Heterotheca sessiliflora subsp. sessiliflora
Stems 1–30, decumbent to ascending-erect, sparsely to moderately hispid, densely stipitate-glandular distally. Cauline leaves sessile, blades lanceolate, 9–16 (–21) × 4–7 mm, reduced distally, bases rounded, margins strongly undulate, proximal large cilia grading into distal, small ones, faces moderately to densely hispido-strigose, sparsely to moderately glandular; distal green, not stiff, faces usually sparsely to moderately, rarely densely hispido-strigose, densely stipitate-glandular. Peduncle bracts 3–6, proximal lanceolate, leafy, sometimes distally reduced and phyllary-like, often 1–3+ larger, leaflike bracts subtending, equaling or surpassing heads. Involucres (7–) 8.4–10.4 (–11) mm. Ray-florets 14–24; laminae 5–9 (–11) mm. Disc-florets: corolla lobes sparsely pilose (hairs 0.15–0.4 mm). Cypsela faces sparsely strigose. 2n = 18.

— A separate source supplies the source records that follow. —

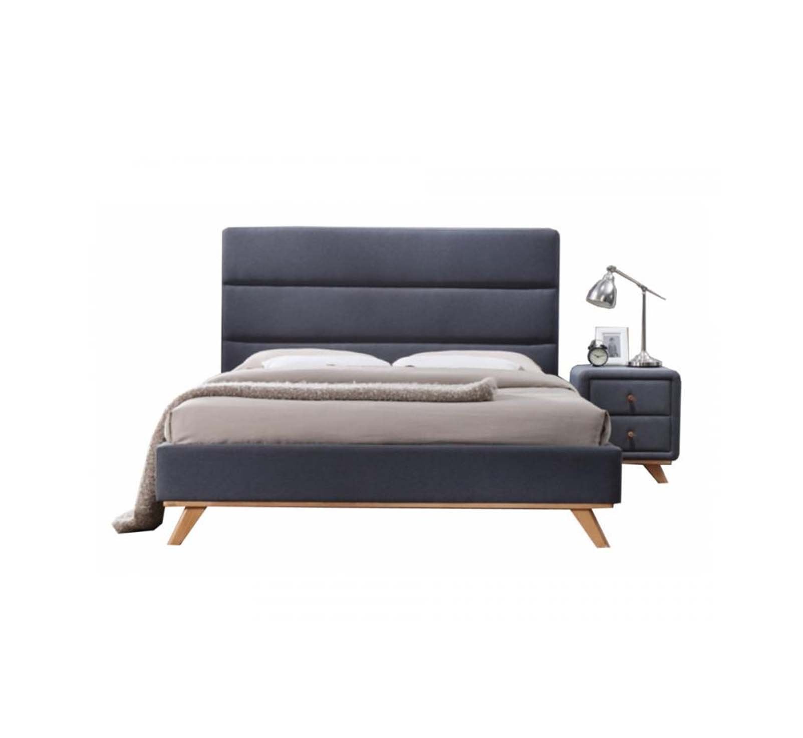 The Leanne bed comes in a double, queen or king size, making it suitable for any type of bedroom. It's made of a stylish dark grey fabric, and the bed frame is held up by four natural solid timber legs. Also available is a matching bedside.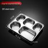 304 Stainless Steel Rectangular 5-Compartment Meal Tray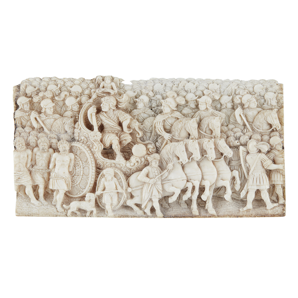 depicting a Roman triumph procession with Emperor Marcus Aurelius in a chariot drawn by four horses, attended by soldiers, and a group of chained prisoners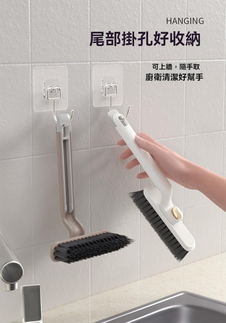 多功能刷鏟夾3合1硬毛可旋轉清潔刷 浴室瓷磚無死角縫隙刷 好掛好收納 2入(多色可選)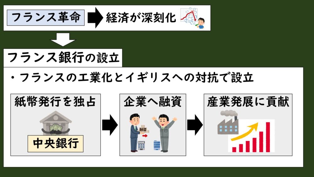 とくに、フランスを工業国家として発展させてイギリスに対抗するためには、安定した通貨を発行する必要がありました。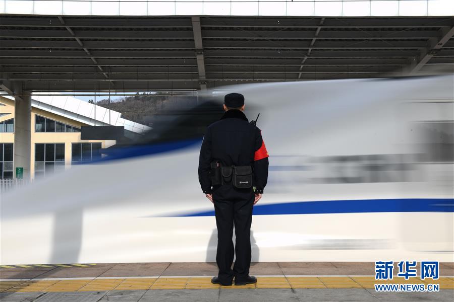 金寨火車(chē)站派出所民警張嗣一在站臺(tái)接車(chē)(12月19日攝)。安徽合肥鐵路公安處金寨火車(chē)站派出所位于大別山腹地。在這里,除了所領(lǐng)導(dǎo)外,青年民警平均年齡不到29歲。他們遠(yuǎn)離家鄉(xiāng),扎根大山深處的小站派出所,戰(zhàn)斗在守護(hù)客運(yùn)平安的第一線。新華社記者張端攝

Phenology: Flowering (Mar–)Jun–Sep+.
Habitat: Coastal dunes, strand, mud flats
Elevation: 0–60 m
Calif., Mexico (Baja California)
The peak blooming period for subsp. sessiliflora is mid to late summer, but rare individuals can produce some heads throughout much of the year (San Diego County to northern Baja California). The type comes from Santa Barbara, where the subspecies now appears to be extinct. The plants vary greatly in habit. Some are sometimes short and herbaceous, the shoots dying back at the end of the growth season. In the northern Baja California coastal dunes are meter-high shrubs, the shoots of which have not been killed back to rootstock level. The shift from densely hairy proximal cauline leaves to densely glandular distal ones occurs abruptly in some shoots and gradually in others. The subspecies has become very rare in California.